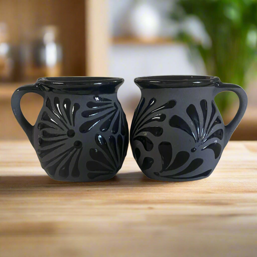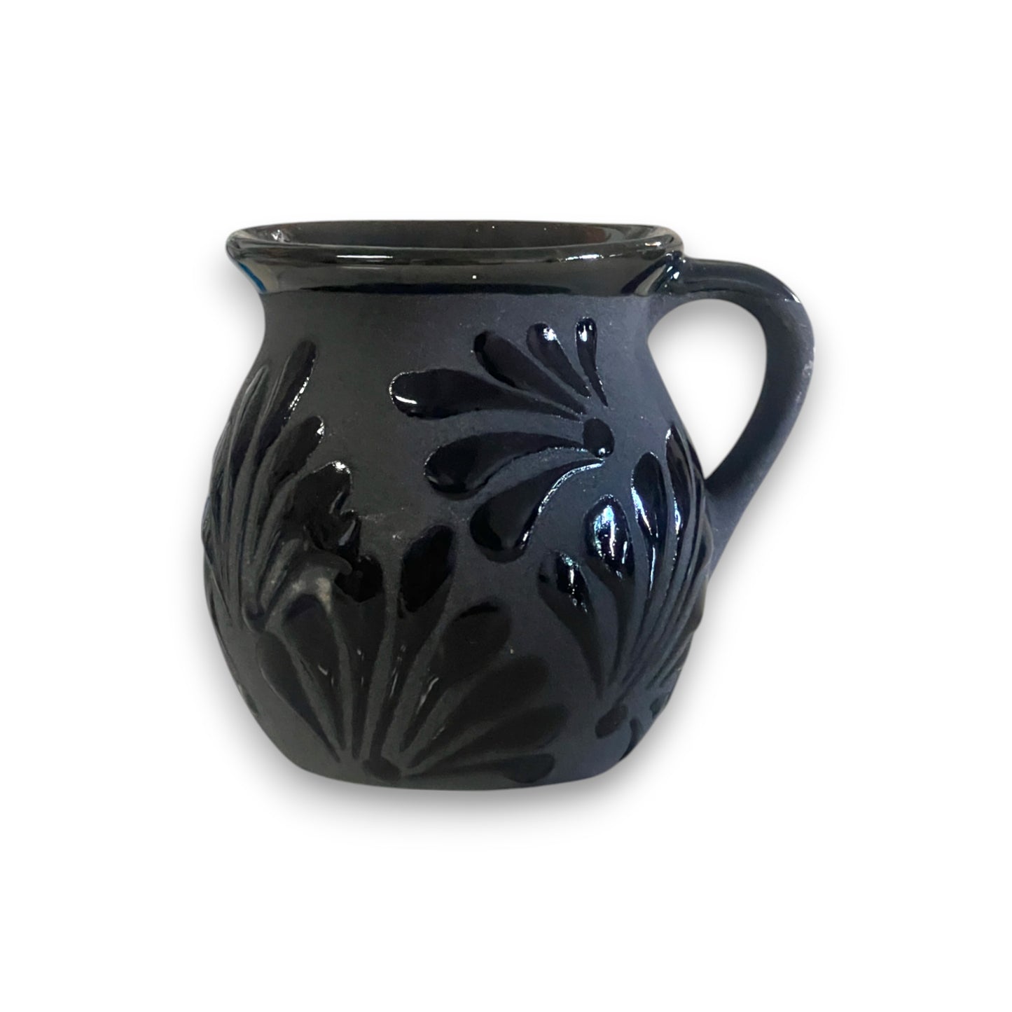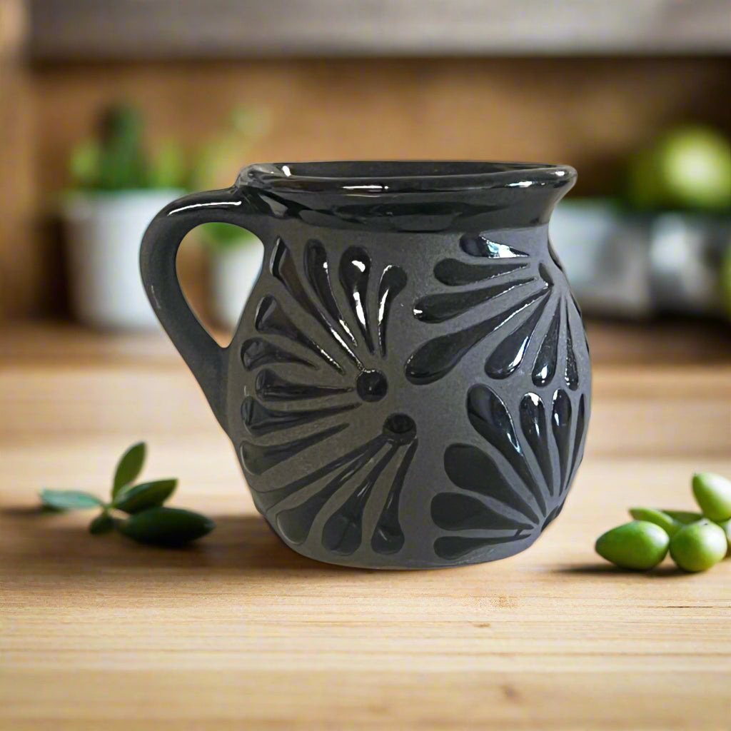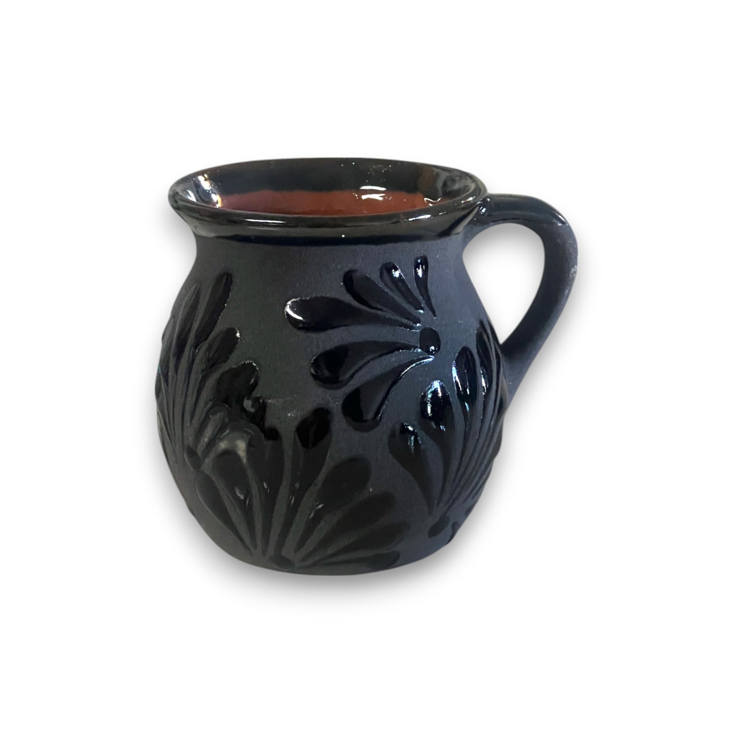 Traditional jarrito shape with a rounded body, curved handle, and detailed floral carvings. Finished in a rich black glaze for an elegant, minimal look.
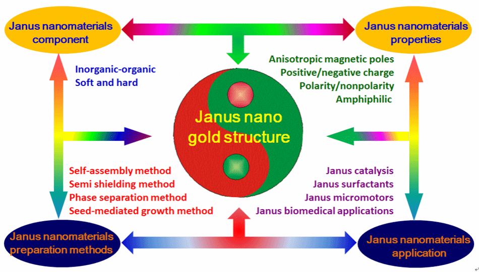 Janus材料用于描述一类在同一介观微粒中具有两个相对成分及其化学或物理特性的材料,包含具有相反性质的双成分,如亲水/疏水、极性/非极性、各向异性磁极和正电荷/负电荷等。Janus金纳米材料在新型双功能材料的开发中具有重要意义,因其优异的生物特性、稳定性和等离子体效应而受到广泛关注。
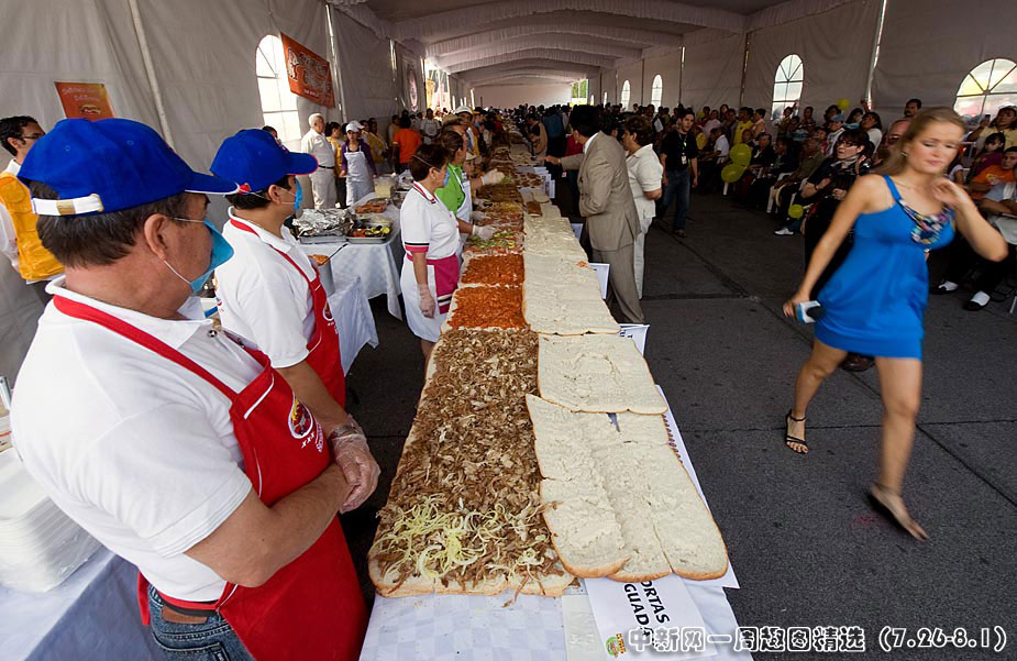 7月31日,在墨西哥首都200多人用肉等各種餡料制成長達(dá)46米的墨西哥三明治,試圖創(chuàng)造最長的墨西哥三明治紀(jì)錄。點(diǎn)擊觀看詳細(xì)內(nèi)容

- Instructions for the task:
Without any pictures, repeat the listing exactly.

- Exercise result:
 Traditional jarrito shape with a rounded body, curved handle, and detailed floral carvings. Finished in a rich black glaze for an elegant, minimal look.
 Janus材料用于描述一类在同一介观微粒中具有两个相对成分及其化学或物理特性的材料,包含具有相反性质的双成分,如亲水/疏水、极性/非极性、各向异性磁极和正电荷/负电荷等。Janus金纳米材料在新型双功能材料的开发中具有重要意义,因其优异的生物特性、稳定性和等离子体效应而受到广泛关注。
 7月31日,在墨西哥首都200多人用肉等各種餡料制成長達(dá)46米的墨西哥三明治,試圖創(chuàng)造最長的墨西哥三明治紀(jì)錄。點(diǎn)擊觀看詳細(xì)內(nèi)容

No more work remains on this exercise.